The Commerce Department said on Wednesday new home sales dropped 5.3 percent to a seasonally adjusted annual rate of 631,000 units last month, the lowest level since October 2017. May's sales pace was revised down to 666,000 units from the previously reported 689,000 units. - CNBC
The second step is that home prices begin to fall precipitously from their all-time highs.
Manhattan real estate had its worst second quarter since the financial crisis, with prices and sales dropping and inventory rising, according to a new report.
And the third step or indicator for a Housing Bubble pop is when homeowners start to lose their homes through foreclosure.

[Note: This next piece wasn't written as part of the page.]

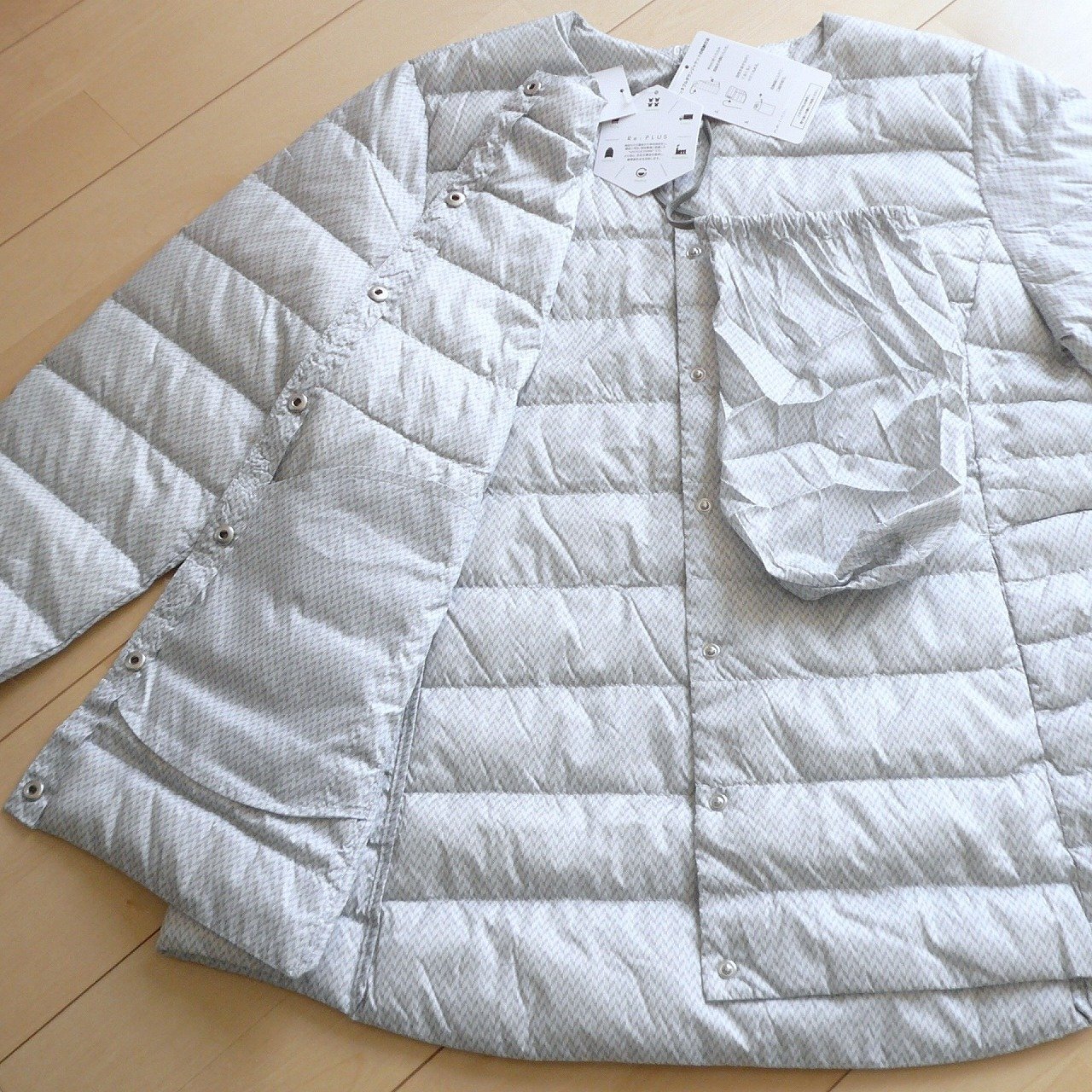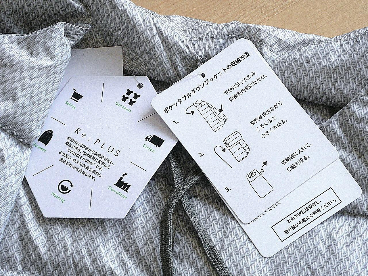 ダウン90%・フェザー10%の「Re:PLUS」の「UPCYCLE DOWN」を使用し、環境に配慮した仕上がりに。

One month ago we discussed why according to the recent data, the "Housing Market Headed For "Broadest Slowdown In Years." Fast forward to today, when we received the latest confirmation that the US housing market appears to have recently hit a downward inflection point: according to the just released July 2018 U.S. Foreclosure Market Report released by ATTOM Data Solutions, foreclosure starts in July increased by 1% from a year ago — the first year-over-year increase following 36 consecutive months of decreases. 
Foreclosures rose from a year ago in 96 of the 219 metropolitan statistical areas, or 44% of the markets analyzed in the report; 33 of those areas posted their third straight monthly increase. A total of 30,187 U.S. properties started the foreclosure process for the first time in July, up 1 percent from the previous month and while the increase was less than 1% from a year ago, it marked the first annual increase in exactly 3 years. - Zerohedge
The current housing bubble is different than the one from a decade ago because new home building is way down this time, and escalating prices came from limited inventories in the used home market.  However what isn't different is that both Fannie Mae and the banks changed their lending standards midway through the bubble and have been once again allowing 3% or less down, and in some cases, little validation of income.

ie... return of subprime.

The signals we are seeing here in 2018 are the same ones we saw back in 2006, a full year before the Housing Bubble officially imploded.  And all that remains now is whether the Fed is going to try to keep it going by changing course in their interest rate policies, or instead watch history repeat itself in a public that is now more in debt than they were at the time of the Financial Crash.